Tetapi beberapa tahun lalu kesehatan sang ayah menurun dan terkena katarak sehingga tak bisa lagi menjadi buruh tani. Setiap hari ayahnya harus di rumah dan harus ada yang merawat.
"Makanya ibu saya juga sudah tidak setiap hari jadi pembantu. Tapi kebetulan rumah majikannya sekarang kosong karena majikan ibu saya sekarang tinggal sama anaknya. Jadi seminggu sekali ibu saya menyapu rumah itu dan setiap bulan dapat Rp 300.000," tutur Devi.
Tentu jumlah itu tak bisa disebut cukup. Untungnya Devi mendapat beasiswa Bidik Misi selama kuliah.
Bidik Misi adalah program beasiswa Kemendikbud untuk mahasiswa berprestasi dari keluarga kurang mampu. Setiap bulan dia mendapat biaya hidup Rp 600 ribu dan gratis biaya kuliah. Tentu saja dia mempertahankan prestasinya untuk terus mendapatkan beasiswa pemerintah itu.
"Kalau ada sisa dari uang itu, saya kirim ke orang tua saya. Kadang Rp 50.000, Rp 100.000, tidak mesti. Selain itu saya juga ngajar les, jualan baju resell, pokoknya apa saja yang penting halal," papar anak bungsu dari 3 bersaudara ini. Tak seperti dirinya, kedua kakaknya tamatan SD.
Tak hilang dari benaknya ketika ibunya harus diopname di rumah sakit. Hatinya tak tenang untuk berada jauh dari ibunya sehingga dia semakin sering bolak-balik Solo-Ngawi untuk menjaga ibunda tercinta.
Tentu biaya perawatan di rumah sakit tidak murah, sehingga dia harus bekerja semakin giat. Ketika itu dia juga berhadapan dengan ujian semester dan jadwal kuliah penuh 24 SKS.
"Saya juga jadi asisten dosen waktu itu. Hitung-hitung ada tambahan juga. Setelah ibu sembuh, sekarang kesehatannya tidak seperti dulu. Harus banyak istirahat di rumah. Makanya kalau saya pulang, saya juga bantu-bantu jualan sayur atau tahu bacem. Tapi memang tak ada yang mengalahkan doa ibu, karena dengan doa ibu saya bisa belajar dengan mudah. Sepadat apa pun kegiatan saya, saya bisa langsung mengerti pelajaran dengan cepat," sebut Devi.
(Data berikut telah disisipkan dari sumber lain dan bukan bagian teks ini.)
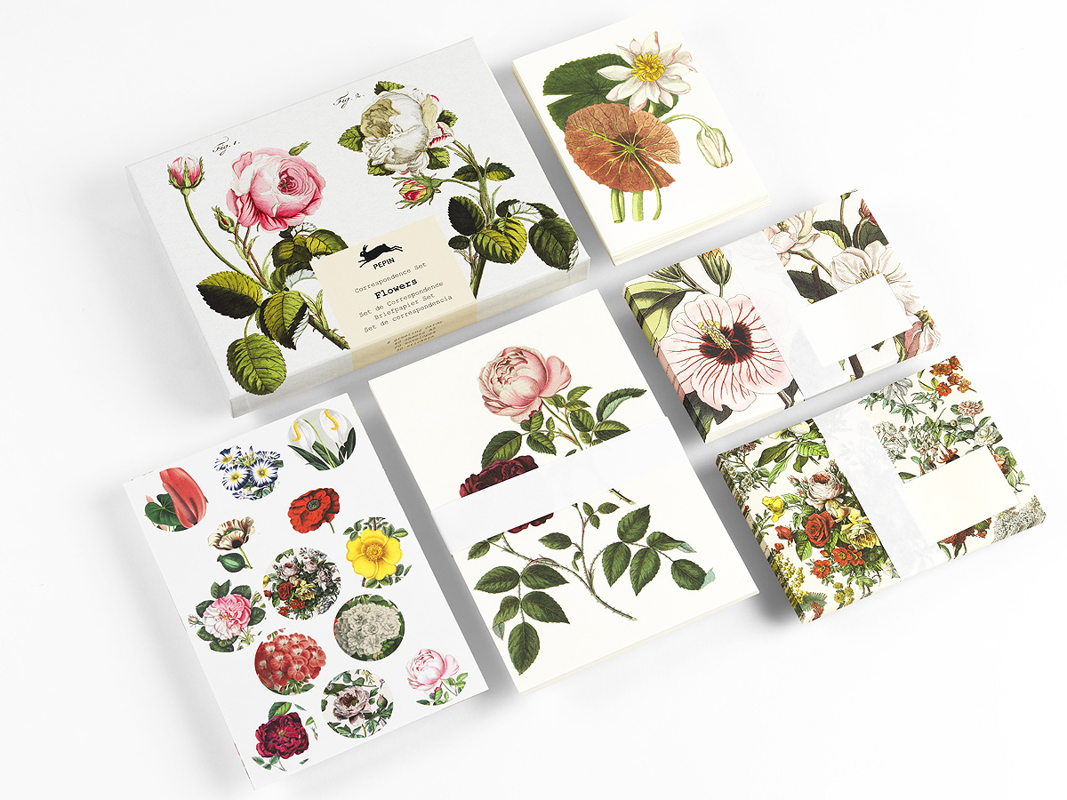 Elke doos bevat 10 vellen met 4 verschillende ontwerpen (aan één kant bedrukt), wat neerkomt op 40 vellen A5-briefpapier (150 x 210 mm / 6” x 8¼”). Inbegrepen zijn 20 bijpassende enveloppen (10 x 2 ontwerpen), 8 wenskaarten (2 x 4 ontwerpen) en 25 diverse stickers en labels.

Tak hanya mencari uang tambahan saja, rupanya Devi juga menyempatkan diri aktif di berbagai organisasi di kampusnya. Dia adalah anggota aktif dari Gerakan Mahasiswa Nasional Indonesia (GMNI), Solo Mengajar, dan pers mahasiswa. Namun itu semua tak membuat prestasinya mengendur.
Kini Devi telah lulus dengan lama studi hanya 3 tahun 6 bulan, sebuah waktu yang cepat untuk rata-rata mahasiswa Jurusan Ilmu Hukum di UNS. Usia yang masih belia membuat Devi bersemangat untuk meneruskan studi ke jenjang magister.
"Sekarang saya mencari-cari beasiswa untuk S2. Kemarin sempat ada tawaran kuliah di Australia. Selain itu ada juga yang menawarkan jadi reporter, lalu dari ikatan alumni ada yang mengajak kerja di kejaksaan. Tapi belum tahu di kejaksaan wilayah mana," ungkap Devi.
Dia lalu bercerita bahwa menempuh jalur kuliah tidaklah biasa bagi pemuda-pemudi di kampungnya. Kebanyakan dari mereka bermimpi untuk menjadi TKW atau TKI yang sukses.
Lalu, apa jadinya kalau dia dulu jadi TKW dan tak kuliah?
"Dulu saya pengin jadi buruh pabrik atau jadi pembantu di Jepang. Tapi sekarang sudah berubah setelah kuliah. Saya ingin mencari beasiswa lalu sekolah lagi dan jadi dosen. Kita jangan berpikir menempuh pendidikan untuk kerja, tapi pendidikan untuk mengubah pola pikir," ujar Devi penuh semangat.
Mendapatkan beasiswa dan menjadi dosen adalah hal yang terpikir oleh Devi untuk masa depannya. Langkah itu juga dia ambil agar mendapat penghasilan tetap dan membantu pengobatan orang tuanya.
"Saya mau cari uang untuk biaya operasi katarak Bapak," ucap dia.